WHAT THE TASK ASKS: Transcribe exactly, and only, the lines from the one with "Premium Quality Diamond" through the end of the records below, including both of those lines. Skip all pictures.

RECORDS FOR THE EXERCISE:
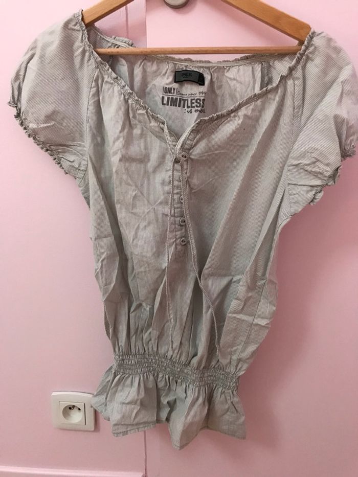 Blouse Only grise et blanche rayures M - photo numéro 1
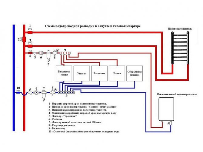 С колекторно окабеляване е инсталиран разпределителен блок, който разпределя водните потоци и насочва водата към определена точка на приемане на вода. Предимството на този метод е еднаквото налягане в цялата водоснабдителна система, недостатъкът е създаването на отделен клон за всеки потребител (това ще увеличи количеството консумативи).
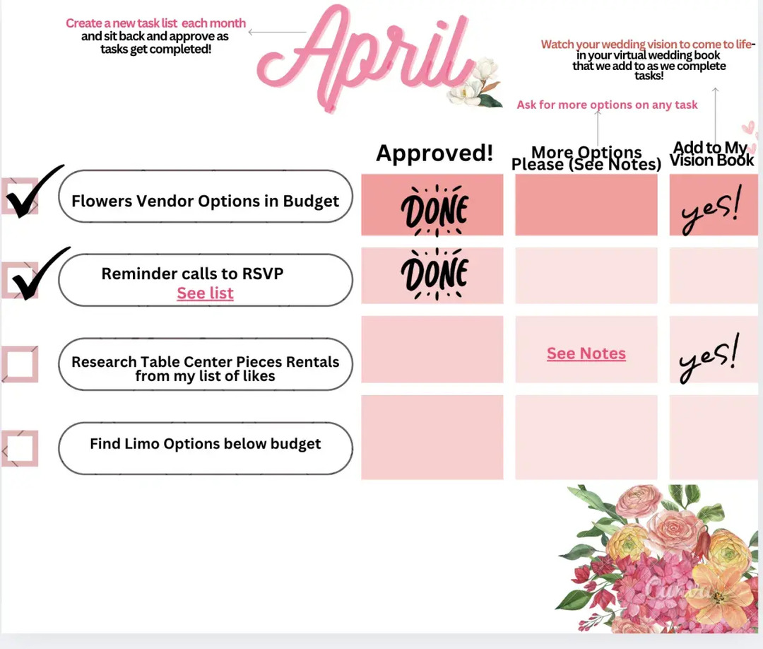 MyWeddingVA is a premier Wedding Virtual Assistant Team that specializes in helping you have a stress free journey to your wedding by helping with your task list! Our expert wedding assistants help complete your to do lists quickly and efficiently through a virtual planner. We're an affordable option to a Wedding Planner, with the same personal attention as we assign each bride their own dedicated wedding virtual assistant who will get to know your likes and dislikes to work on your tasks efficiently, while updating your own virtual wedding visual book along the way so that you can watch your wedding vision grow.
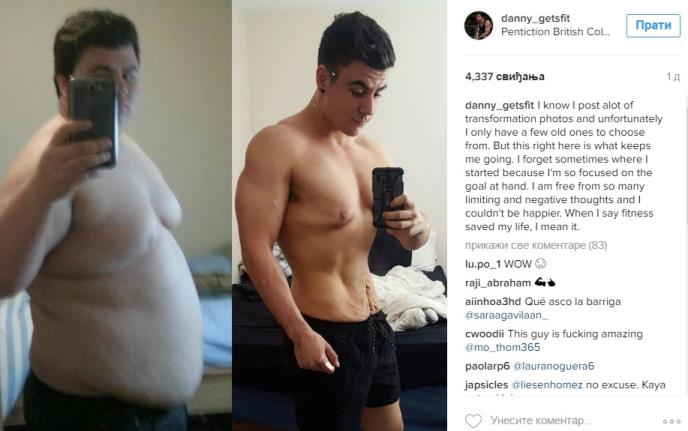 Posle samo svega 6 meseci, Deni je stigao na 114 kilograma, a sada ima 76 kilograma.
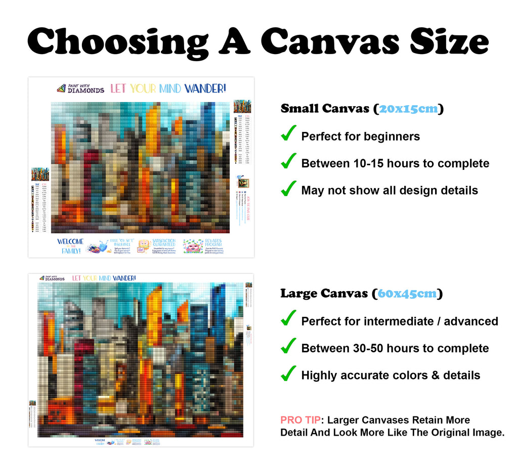 Premium Quality Diamond Painting Kit: Includes a velvety-soft adhesive canvas, eco-friendly shimmering resin diamonds, and a premium toolkit - everything you ned to get started on your next masterpiece.
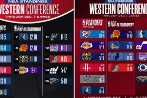去年今天,聯(lián)盟排名如上圖,當時獨行俠西部第二,勇士第五,快船第六,湖人12勝11負第十。

SOLUTION BELOW:
 Premium Quality Diamond Painting Kit: Includes a velvety-soft adhesive canvas, eco-friendly shimmering resin diamonds, and a premium toolkit - everything you ned to get started on your next masterpiece.
去年今天,聯(lián)盟排名如上圖,當時獨行俠西部第二,勇士第五,快船第六,湖人12勝11負第十。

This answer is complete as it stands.